__DATASET EXCERPT__
☆ ☆ ☆ ☆ ☆

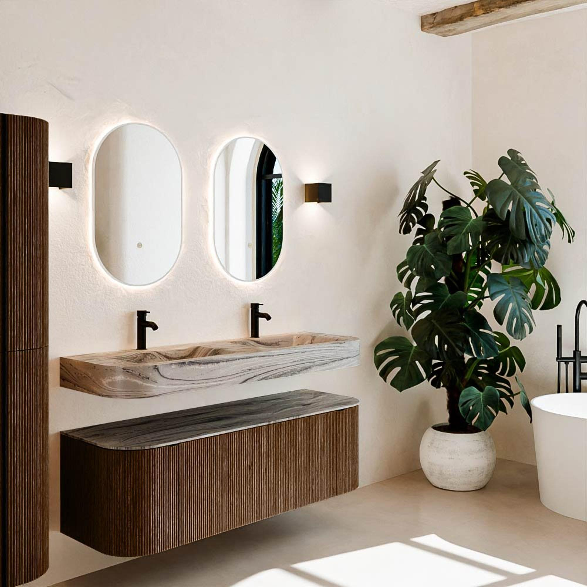 Natuurlijke materialen in warme tinten. De verticale ribbels brengen ritme en textuur in het ontwerp, terwijl het eikenhout zorgt voor een warme, ambachtelijke uitstraling. Kies uit 5 houttinten OAK, WALNUT, DUSK, SHADOW en RUBY zorgvuldig geselecteerde houtkleuren om zowel moderne als klassieke badkamers te verrijken.
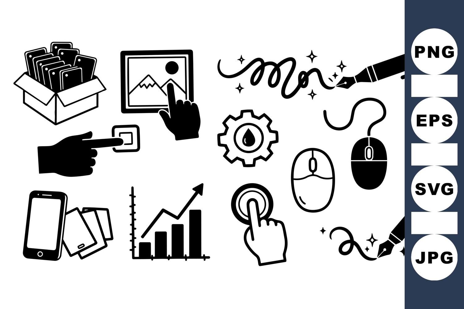 Interactive Icon Digital Interface Icons Technology Vector Pack Click Button Graphics User Interface Elements Touch Screen Icons Mobile Device Clipart Hand Cursor Illustrations Mouse Pointer Vectors Stylus Pen Drawings
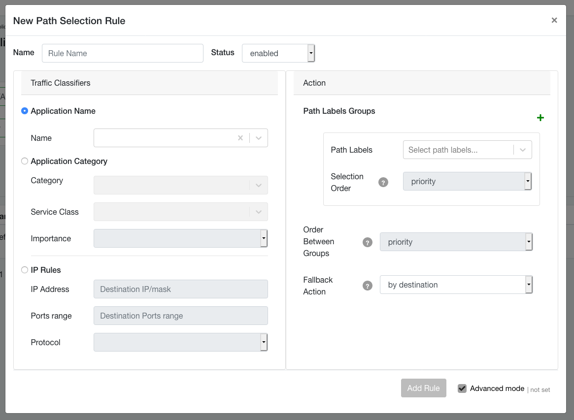 Navigate to Traffic Optimization > Path Selection and click on “New Policy”. Enter the Policy Name and its description. Click on + sign to add a rule. In the new rule click on “Advanced mode” checkbox.
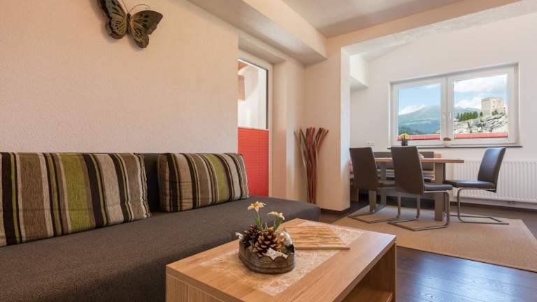 Das Ladis Living ist eine ideale Unterkunft in Ladis, die mit einem wunderschönen Garten und einer Sonnenterrasse lockt. Die Nähe zur Sonnenbahn Ladis-Fiss ermöglicht Ihnen einen bequemen Zugang zu den umliegenden Aktivitäten und Attraktionen. Die Unterkünfte sind gemütlich eingerichtet und verfügen über einen Essbereich sowie einen Sitzbereich mit einem Flachbild-TV. Einige Unterkünfte bieten zudem eine Terrasse oder einen Balkon mit herrlichem Bergblick. Die gut ausgestattete Küche ermöglicht es Ihnen, Ihre eigenen Mahlzeiten zuzubereiten. Handtücher werden gestellt und auf Anfrage erhalten Sie frische Brötchen jeden Morgen. Zusätzlich bietet das Ladis Living einen kostenlosen Shuttleservice zum Flughafen Kranebitten, der 57 km entfernt liegt.

☆ ☆ ☆ ☆ ☆

From the line holding "Navigate to Traffic" to the final line of the data above, give each line again exactly, both ends included, and drop the pictures.

 Navigate to Traffic Optimization > Path Selection and click on “New Policy”. Enter the Policy Name and its description. Click on + sign to add a rule. In the new rule click on “Advanced mode” checkbox.
 Das Ladis Living ist eine ideale Unterkunft in Ladis, die mit einem wunderschönen Garten und einer Sonnenterrasse lockt. Die Nähe zur Sonnenbahn Ladis-Fiss ermöglicht Ihnen einen bequemen Zugang zu den umliegenden Aktivitäten und Attraktionen. Die Unterkünfte sind gemütlich eingerichtet und verfügen über einen Essbereich sowie einen Sitzbereich mit einem Flachbild-TV. Einige Unterkünfte bieten zudem eine Terrasse oder einen Balkon mit herrlichem Bergblick. Die gut ausgestattete Küche ermöglicht es Ihnen, Ihre eigenen Mahlzeiten zuzubereiten. Handtücher werden gestellt und auf Anfrage erhalten Sie frische Brötchen jeden Morgen. Zusätzlich bietet das Ladis Living einen kostenlosen Shuttleservice zum Flughafen Kranebitten, der 57 km entfernt liegt.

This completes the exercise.